Proposed sample size: 100 participants for the main experiment, which coincides approximately with the original sample size (101), as well as with 80% power for attenuated effect size (106). Because some potential participants will already be familiar with the Monty Hall problem, more participants will be invited to the pre-screening. Given that the pre-screening takes less than a minute and is inexpensive compared to the main experiment, we propose that the study be capped at 150 participants overall.

Stopping criterion: 100 participants have completed the main experiment.
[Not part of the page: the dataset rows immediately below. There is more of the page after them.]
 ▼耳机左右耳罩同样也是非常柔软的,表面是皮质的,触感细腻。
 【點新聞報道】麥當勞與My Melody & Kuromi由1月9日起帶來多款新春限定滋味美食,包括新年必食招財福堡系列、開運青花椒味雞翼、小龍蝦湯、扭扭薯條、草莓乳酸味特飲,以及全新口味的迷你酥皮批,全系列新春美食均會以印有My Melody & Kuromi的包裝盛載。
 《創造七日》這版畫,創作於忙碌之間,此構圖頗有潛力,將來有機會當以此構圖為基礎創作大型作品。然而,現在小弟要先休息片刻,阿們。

To that end, we will initially recruit 150 participants for the pre-screen, and if fewer than 100 pass, we will pre-screen more until 100 participants have completed the main experiments.

Materials

The original and modified instructions for the control group are reproduced in Appendix A. The original and modified instructions for the experimental condition are reproduced in Appendix B.
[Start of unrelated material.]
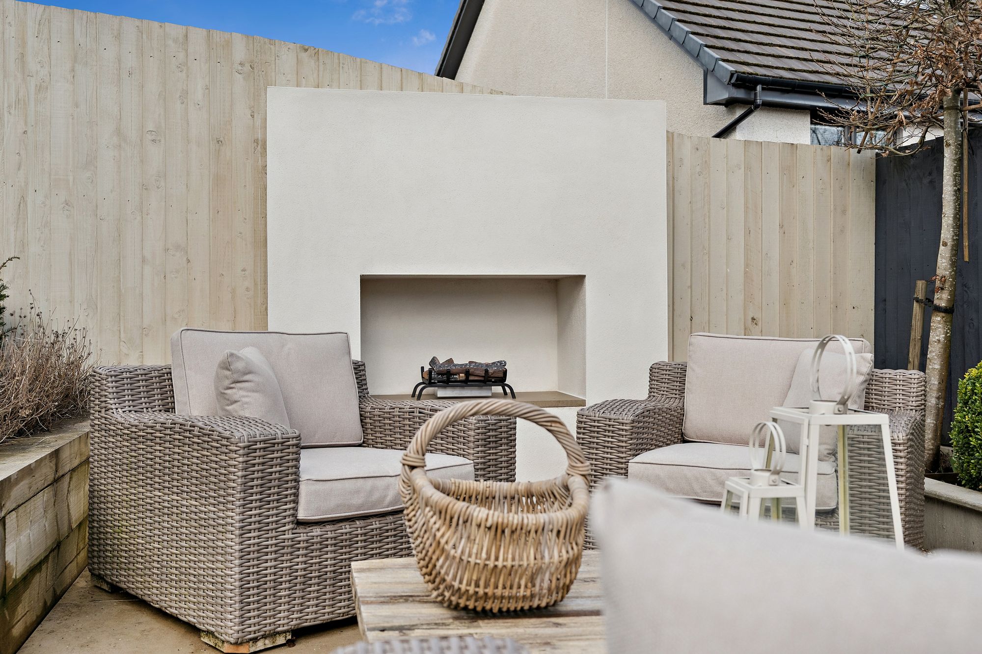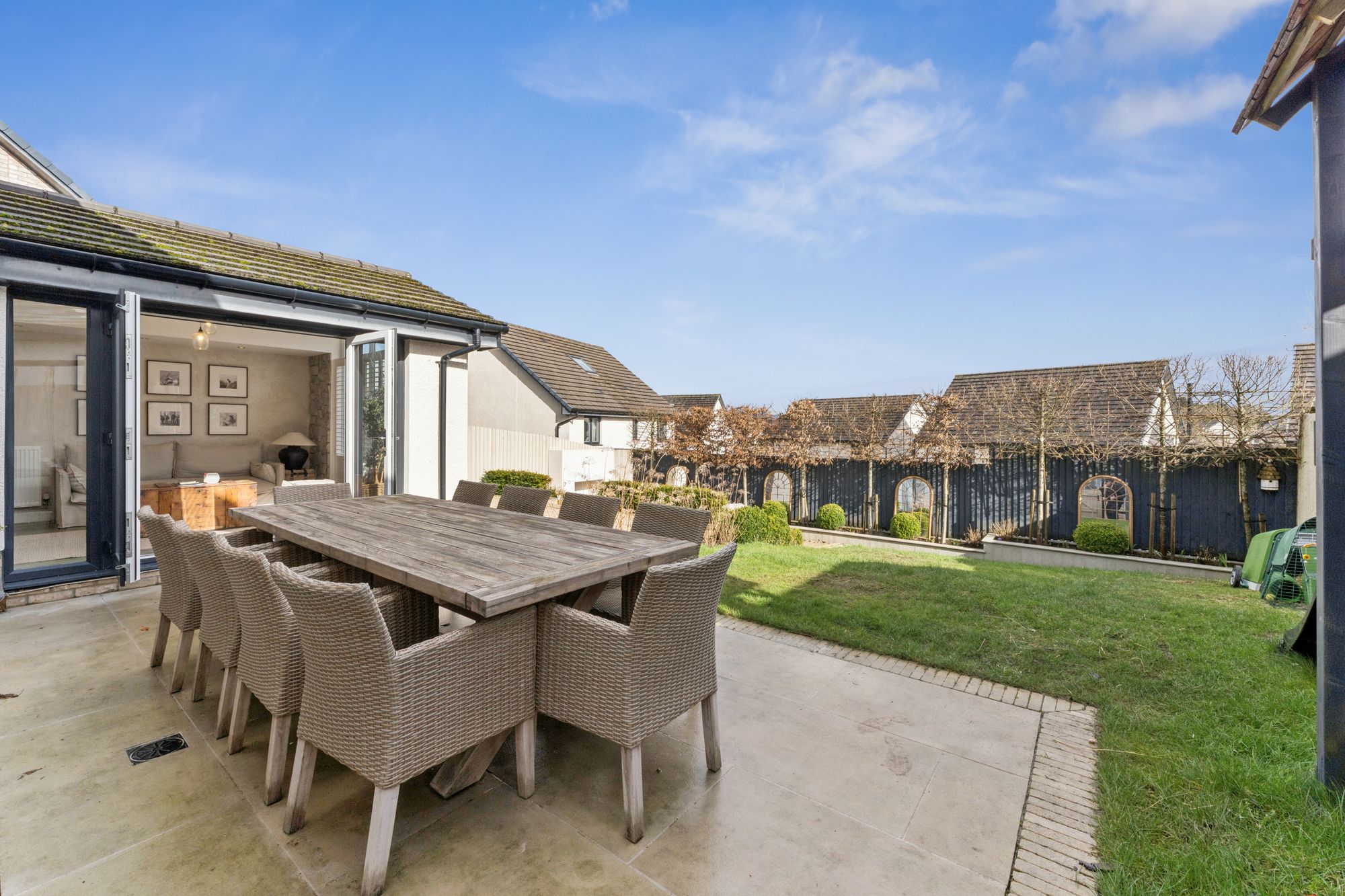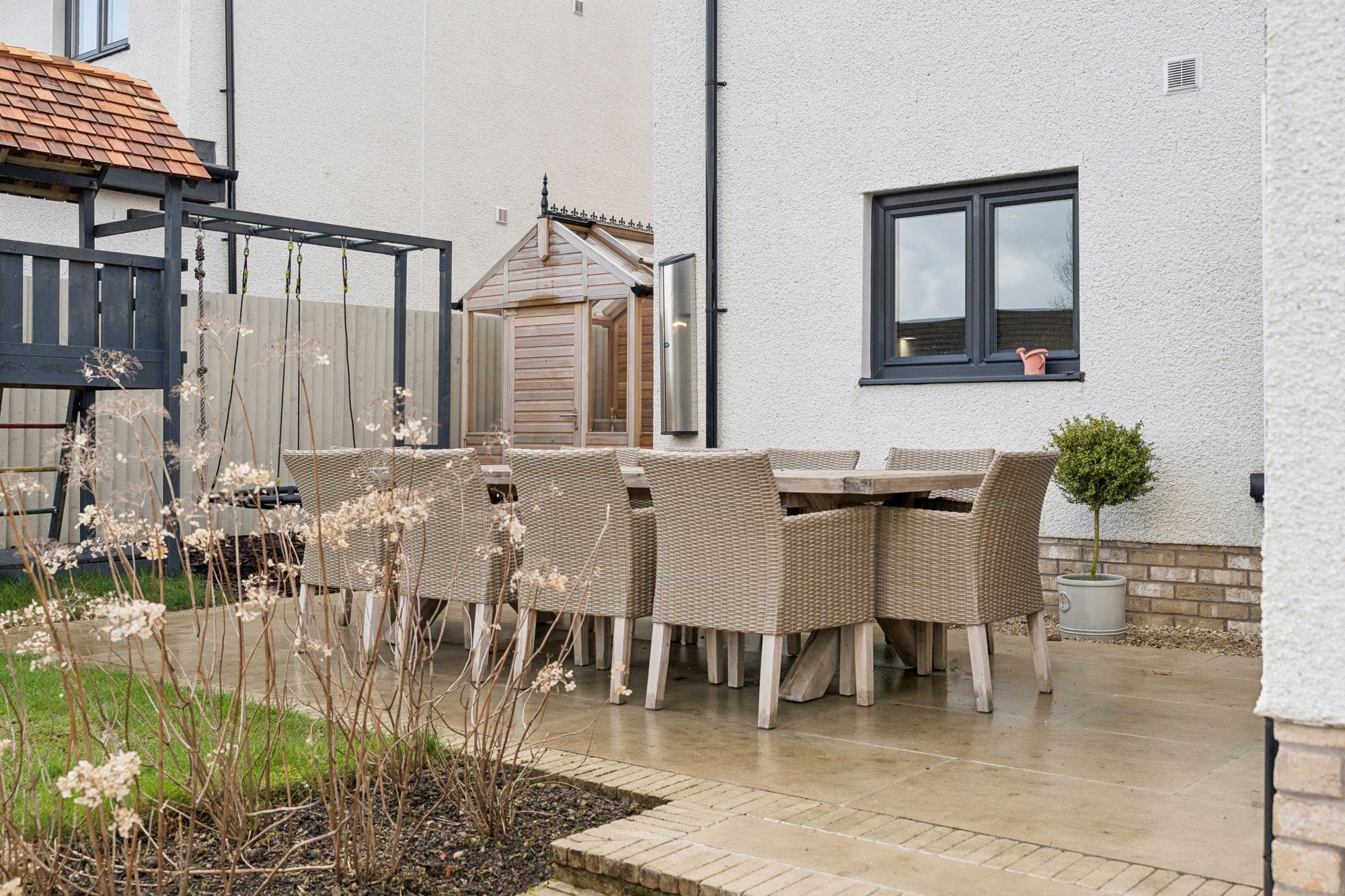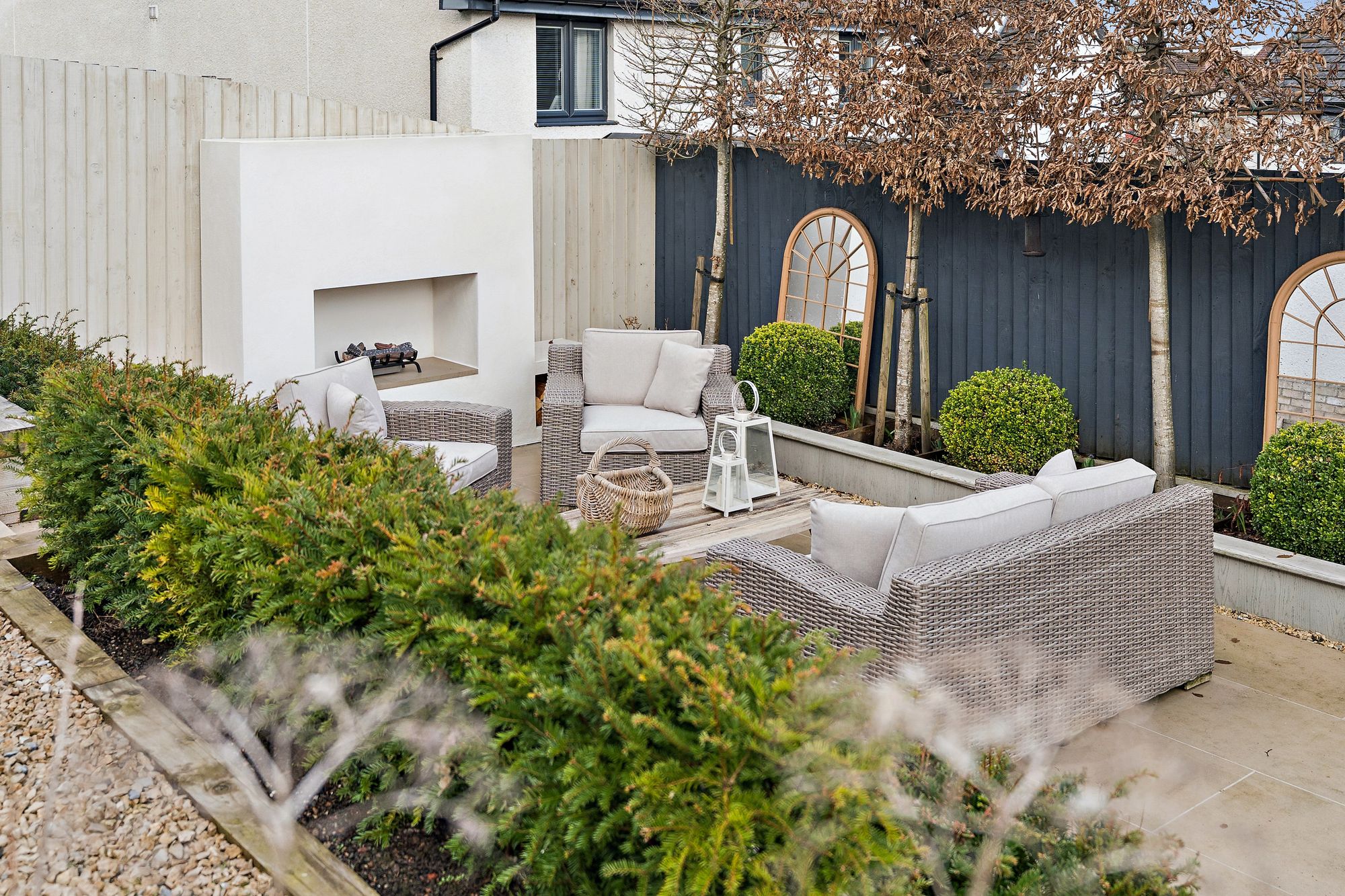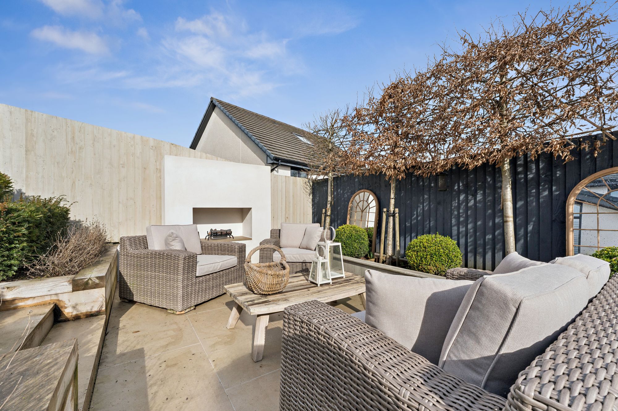 Further benefits include LED downlighting throughout, Amtico flooring, wool twist carpets, a well-appointed garage, gas central heating, double glazing, monoblock driveway parking, and a security alarm system. Externally the gardens have been beautifully landscaped and are private and enclosed with hornbean trees for added privacy.The rear garden features a bespoke garden fireplace and shed/greenhouse with cedar shingle roof and a childrens play frame with matching cedar shingle roof.

The following, minor modifications were made to the materials:

The name ‘Monty Hall’ was changed to a made-up name, ‘Maeve’; the reward was changed from a car to a suitcase of money; and the doors with goats behind them were changed to doors with nothing behind them. This doesn’t change the structure of the problem, but might make it slightly harder for participants to find other presentations of the problem online.
The illustration used by the original study was modified stylistically in minor ways for clarity and to improve the participants’ user experience. However, the structural aspects of the illustration (namely, the presence of 3 doors, the 1st door being highlighted, and the relative positions of the contestant and the host indicated) have all remained unchanged. We hope that the revised illustration will be slightly easier to interpret, but given that it doesn’t alter the structure of the reasoning problem, we don’t expect it to have a significant effect on task performance.
The (translation of the) original instructions, as well as those used by Wilcox (2018), included the statement ‘Please also tell us in writing what went on in your head when you made your decision.’ This wording is imprecise: Are participants meant to justify their decision or rather to introspectively report on ‘what went on in their heads’ as they thought through the problem? As a result, the wording was changed to ‘Please also tell us in writing the reasoning you used to arrive at your decision. Please be as detailed as possible.’ We don’t know the precise wording used in the original, German study, as this was not reported. However, given that the experimenters expected participants to explain their reasoning, we believe the revised wording is more in line with their intentions.
Wilcox (2018) omitted the statement that ‘You may use sketches, etc., to explain your answer’ as the online testing environment does not easily provide for that capacity. However, because the ability to make sketches as well as to write formulas may be important for some participants to arrive at, and justify, their answers, an instruction will be added that draws participants’ attention to the fact that they may create notes, sketches, and formulas on paper. Participants may then upload a photograph of their handwritten work if they choose to. This ensures that the conditions of the experiment are closer to the one used in the original study where participants produced handwritten answers. These instructions will also be included in advance in the description of the study on Prolific. Requiring the uploading of handwritten justifications may deter some potential participants from participating in the study due to the extra steps and materials involved, and may also inadvertently increase the representation of particularly conscientious participants among the sample. However, many participants are likely to have access to paper and pencil, as well as a smartphone or laptop camera. Moreover, completing the task successfully does require some conscientiousness on the part of the participants and, considering the low quality of responses obtained in the previous replication study, we argue that it is worth trying a setup that more closely resembles the original experiment. Apart from that, given that we are not comparing the proportion of participants who successfully complete the task versus those that don’t, the self-selection of more conscientious participants should not be a major distorting effect as long as the conscientiousness of participants is comparable across the experimental and control conditions.

Procedure

Participants will be randomly assigned to the control and to the experimental condition. They will be asked to follow the instructions as outlined in Appendices A and B.

Controls

While Wilcox (2018) used a very simple attention check, this study does not use any attention checks. Instead, a passive measure of compliance will be used. As a very conservative measure, we expect that participants will require at least one minute to read the instructions and respond to them. Consequently, we exclude participants who complete the questionnaire in less than that time.

Analysis Plan

Respondents who indicate prior familiarity or who have completed the questionnaire in a minute or less will be excluded from the analysis.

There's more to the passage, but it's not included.